*** Dataset extract ***

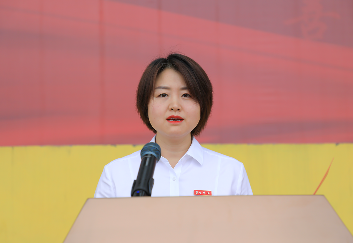 beat365正版唯一官网必一党委副书记、工会主席王维欣宣读《中共beat365正版唯一官网必一委员会关于成立beat365正版唯一官网必一2023级本科生军训团的通知》
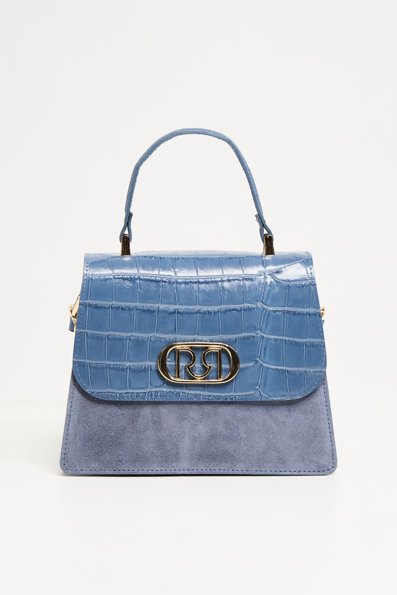 Sac à main en cuir effet croco et nubuck.
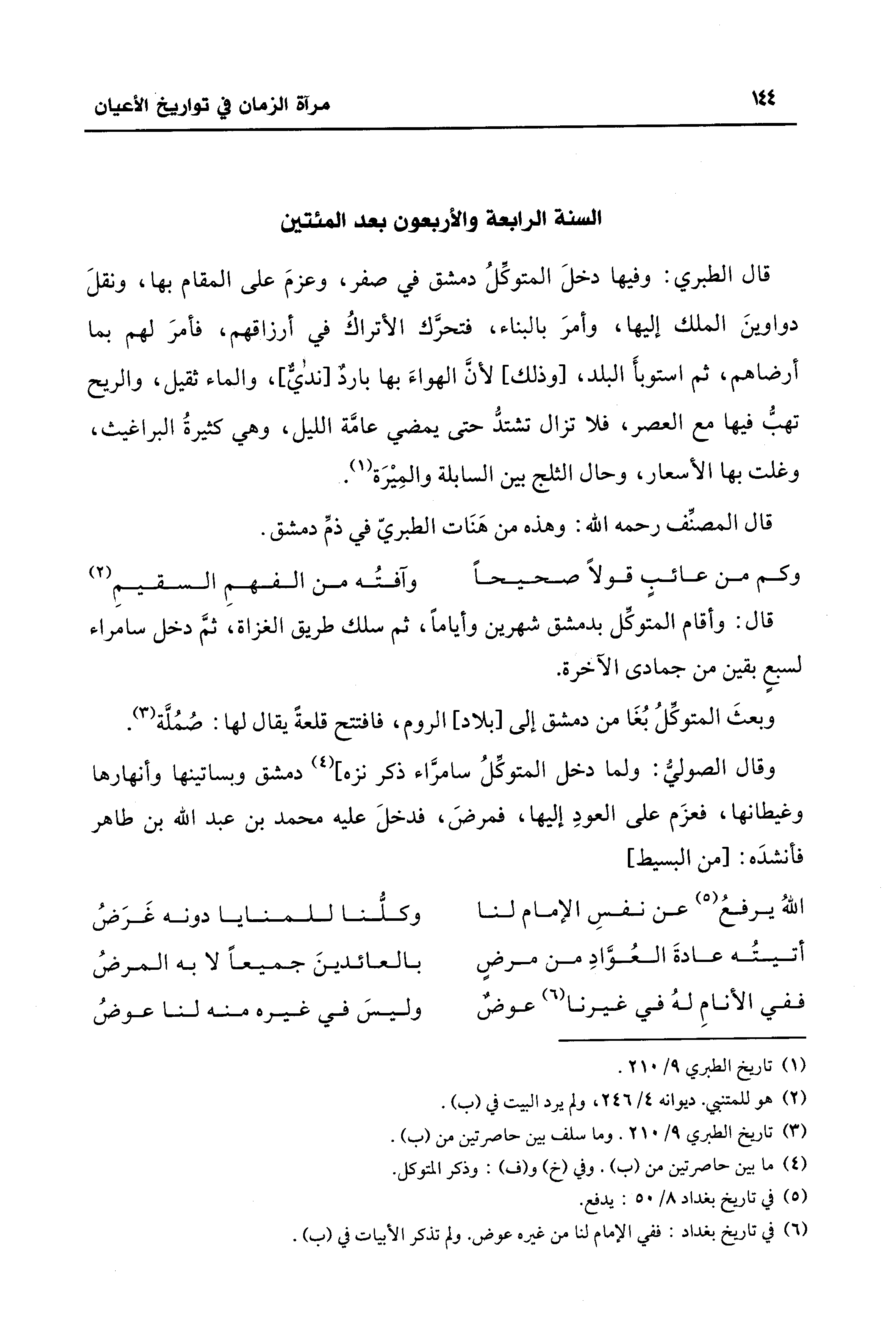قال: وأقام المتوكِّل بدمشق شهرين وأيامًا، ثم سلك طريق الغزاة، ثمَّ دخل سامراء لسبعٍ بقين من جمادى الآخرة.
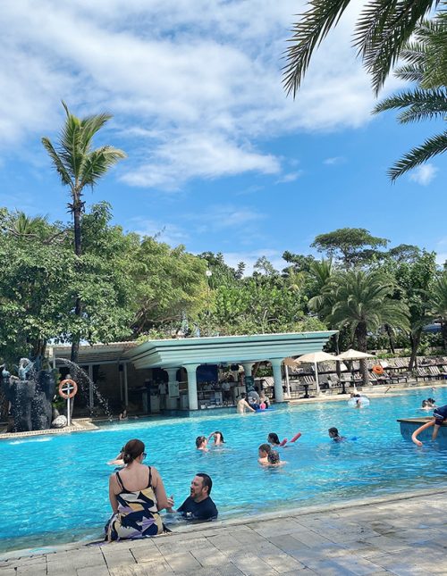 まずは美しく手入れされた庭園を眺めながらの朝食。食事も豪華で大満足でした。この日はマンタと一緒に泳げるツアーでレンボンガン島とペニダ島へ。こちらは事前に日本で「バリ姫」という現地ツアー予約サイトで申し込みました。朝7時半のお迎えで18時までという丸一日のツアーです。20名ほどのツアーで世界各国からのお客さんが入り交じり、欧米の方が多い印象でした。私たちは日本人のガイドも付けたので安心でした(金額は、私たち2人で約3万円ほどでした)。

*** End of Dataset extract ***

Wherever an image appears in the data, omit it and repeat everything else exactly.

 beat365正版唯一官网必一党委副书记、工会主席王维欣宣读《中共beat365正版唯一官网必一委员会关于成立beat365正版唯一官网必一2023级本科生军训团的通知》
 Sac à main en cuir effet croco et nubuck.
قال: وأقام المتوكِّل بدمشق شهرين وأيامًا، ثم سلك طريق الغزاة، ثمَّ دخل سامراء لسبعٍ بقين من جمادى الآخرة.
 まずは美しく手入れされた庭園を眺めながらの朝食。食事も豪華で大満足でした。この日はマンタと一緒に泳げるツアーでレンボンガン島とペニダ島へ。こちらは事前に日本で「バリ姫」という現地ツアー予約サイトで申し込みました。朝7時半のお迎えで18時までという丸一日のツアーです。20名ほどのツアーで世界各国からのお客さんが入り交じり、欧米の方が多い印象でした。私たちは日本人のガイドも付けたので安心でした(金額は、私たち2人で約3万円ほどでした)。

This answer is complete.